WHAT YOU NEED TO DO:
Starting at the line that contains "たぶんキツネが,たぶんハタネズミの 巣を掘り返した跡でしょう。ハタネズミは つかまっちゃったのかな?" and stopping at the line that contains "COMUNICATO UNITARIO", transcribe every line of the material below exactly; pictures stay out.

DATA FOR ANALYSIS:
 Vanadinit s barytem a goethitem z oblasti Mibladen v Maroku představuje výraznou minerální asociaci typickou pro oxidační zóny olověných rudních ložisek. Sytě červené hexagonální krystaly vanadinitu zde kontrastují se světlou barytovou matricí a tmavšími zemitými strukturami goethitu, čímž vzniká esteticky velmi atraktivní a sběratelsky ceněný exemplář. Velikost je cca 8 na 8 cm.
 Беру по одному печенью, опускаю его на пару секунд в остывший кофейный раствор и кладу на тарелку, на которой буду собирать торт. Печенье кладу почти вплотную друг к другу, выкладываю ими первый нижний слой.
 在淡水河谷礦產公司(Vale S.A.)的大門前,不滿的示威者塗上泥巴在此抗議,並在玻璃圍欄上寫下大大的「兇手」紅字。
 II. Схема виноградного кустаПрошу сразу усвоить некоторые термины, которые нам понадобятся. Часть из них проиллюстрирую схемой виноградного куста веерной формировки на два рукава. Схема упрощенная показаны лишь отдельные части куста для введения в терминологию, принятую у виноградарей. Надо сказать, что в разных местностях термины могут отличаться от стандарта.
...
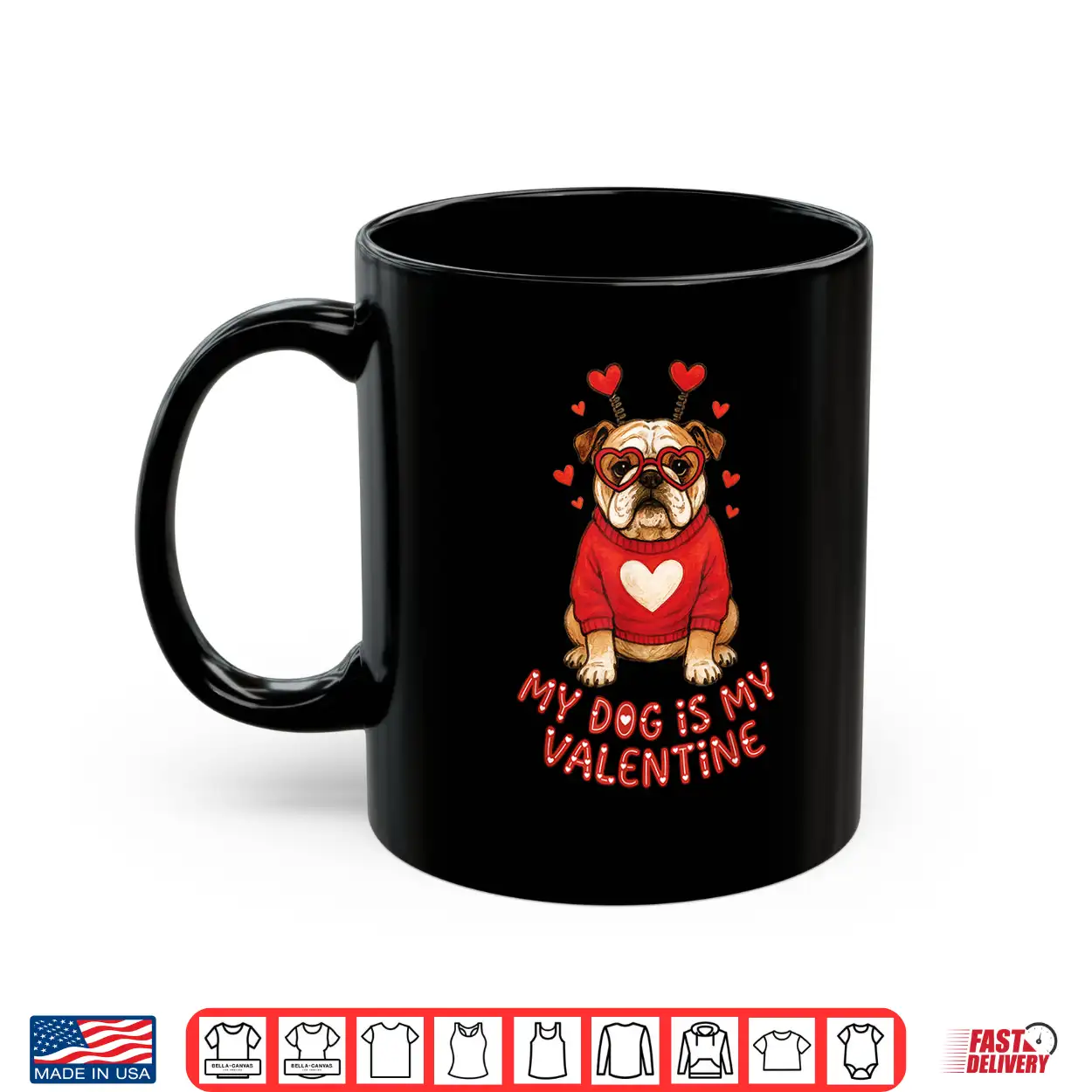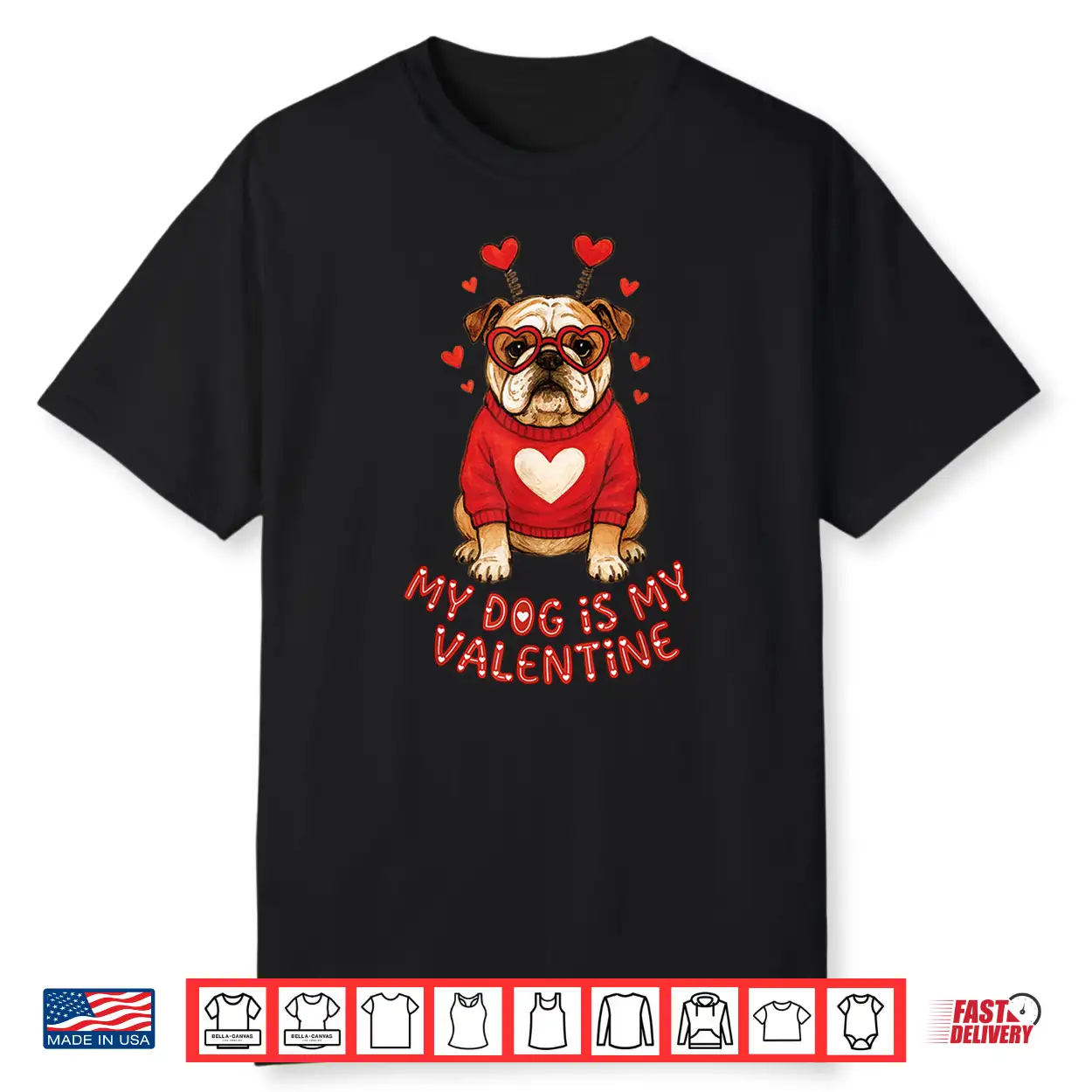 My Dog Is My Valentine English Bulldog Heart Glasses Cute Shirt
--
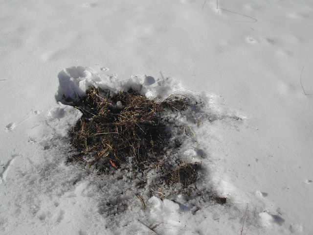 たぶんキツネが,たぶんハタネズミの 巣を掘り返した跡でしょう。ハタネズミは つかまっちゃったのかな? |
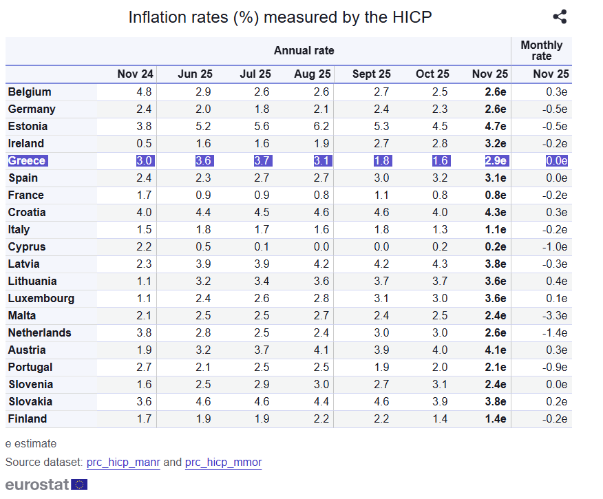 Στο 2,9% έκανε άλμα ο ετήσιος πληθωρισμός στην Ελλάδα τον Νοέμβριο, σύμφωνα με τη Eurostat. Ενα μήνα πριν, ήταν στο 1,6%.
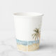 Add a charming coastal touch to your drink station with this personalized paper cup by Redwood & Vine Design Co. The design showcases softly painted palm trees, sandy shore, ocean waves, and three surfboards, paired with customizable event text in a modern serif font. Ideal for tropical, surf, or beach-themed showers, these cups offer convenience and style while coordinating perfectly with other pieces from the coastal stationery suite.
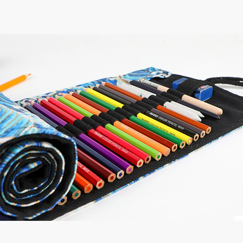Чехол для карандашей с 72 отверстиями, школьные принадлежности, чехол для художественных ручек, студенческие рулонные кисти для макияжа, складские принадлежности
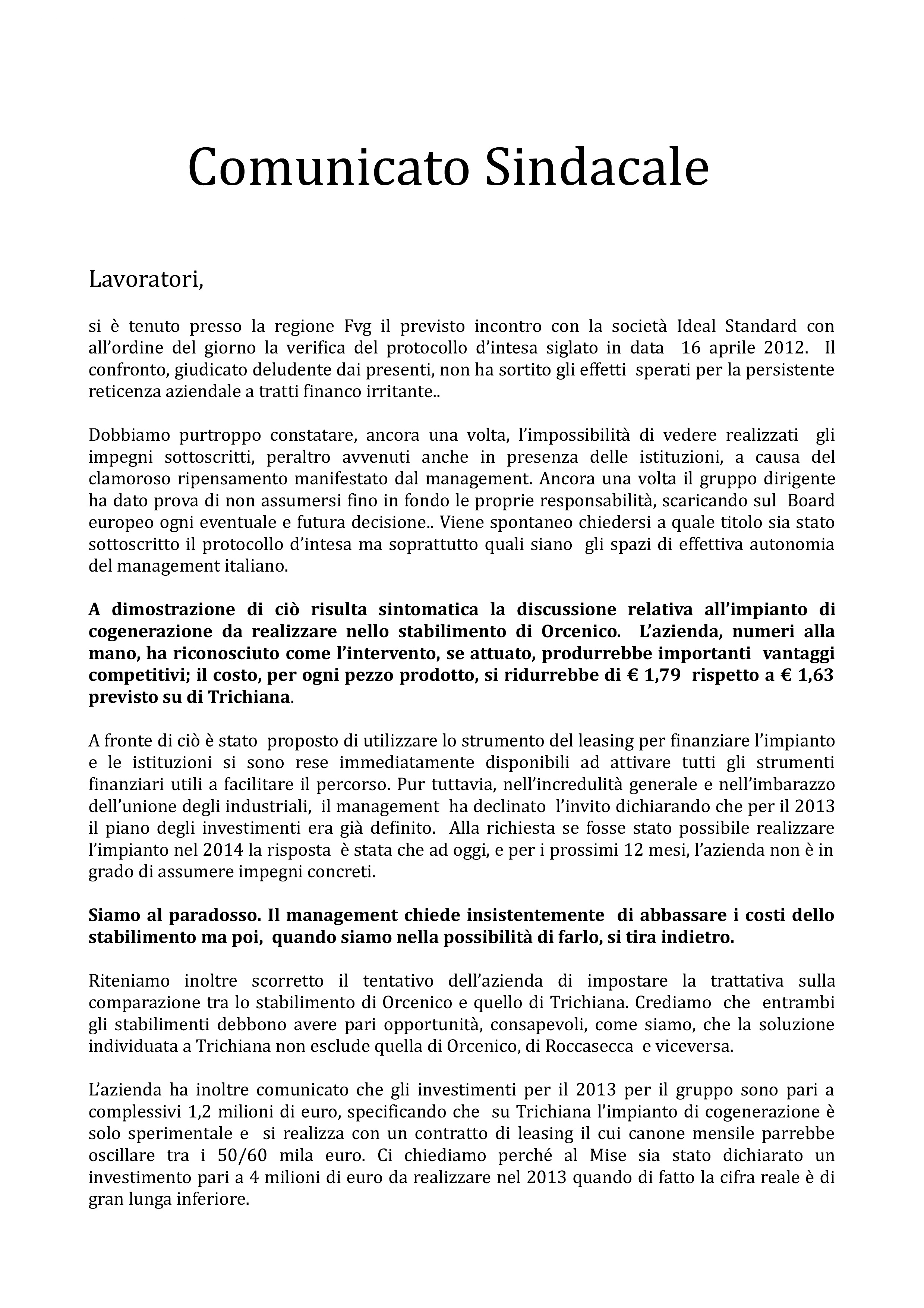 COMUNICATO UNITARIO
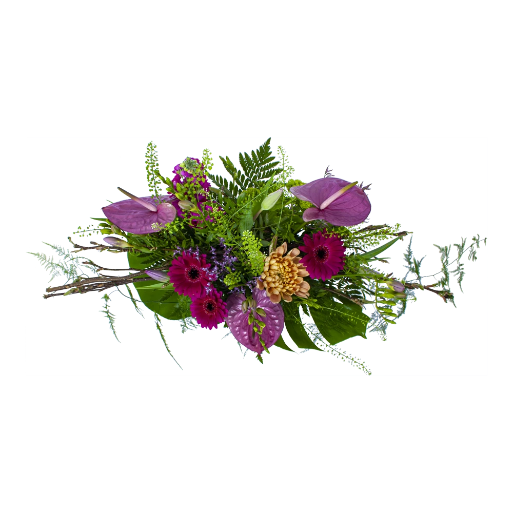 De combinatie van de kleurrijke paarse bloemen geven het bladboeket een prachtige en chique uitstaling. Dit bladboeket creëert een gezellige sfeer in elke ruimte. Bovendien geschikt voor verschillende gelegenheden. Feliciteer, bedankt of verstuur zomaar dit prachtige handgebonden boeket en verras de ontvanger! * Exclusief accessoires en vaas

ANSWER BOX:
 たぶんキツネが,たぶんハタネズミの 巣を掘り返した跡でしょう。ハタネズミは つかまっちゃったのかな? |
 Στο 2,9% έκανε άλμα ο ετήσιος πληθωρισμός στην Ελλάδα τον Νοέμβριο, σύμφωνα με τη Eurostat. Ενα μήνα πριν, ήταν στο 1,6%.
 Add a charming coastal touch to your drink station with this personalized paper cup by Redwood & Vine Design Co. The design showcases softly painted palm trees, sandy shore, ocean waves, and three surfboards, paired with customizable event text in a modern serif font. Ideal for tropical, surf, or beach-themed showers, these cups offer convenience and style while coordinating perfectly with other pieces from the coastal stationery suite.
Чехол для карандашей с 72 отверстиями, школьные принадлежности, чехол для художественных ручек, студенческие рулонные кисти для макияжа, складские принадлежности
 COMUNICATO UNITARIO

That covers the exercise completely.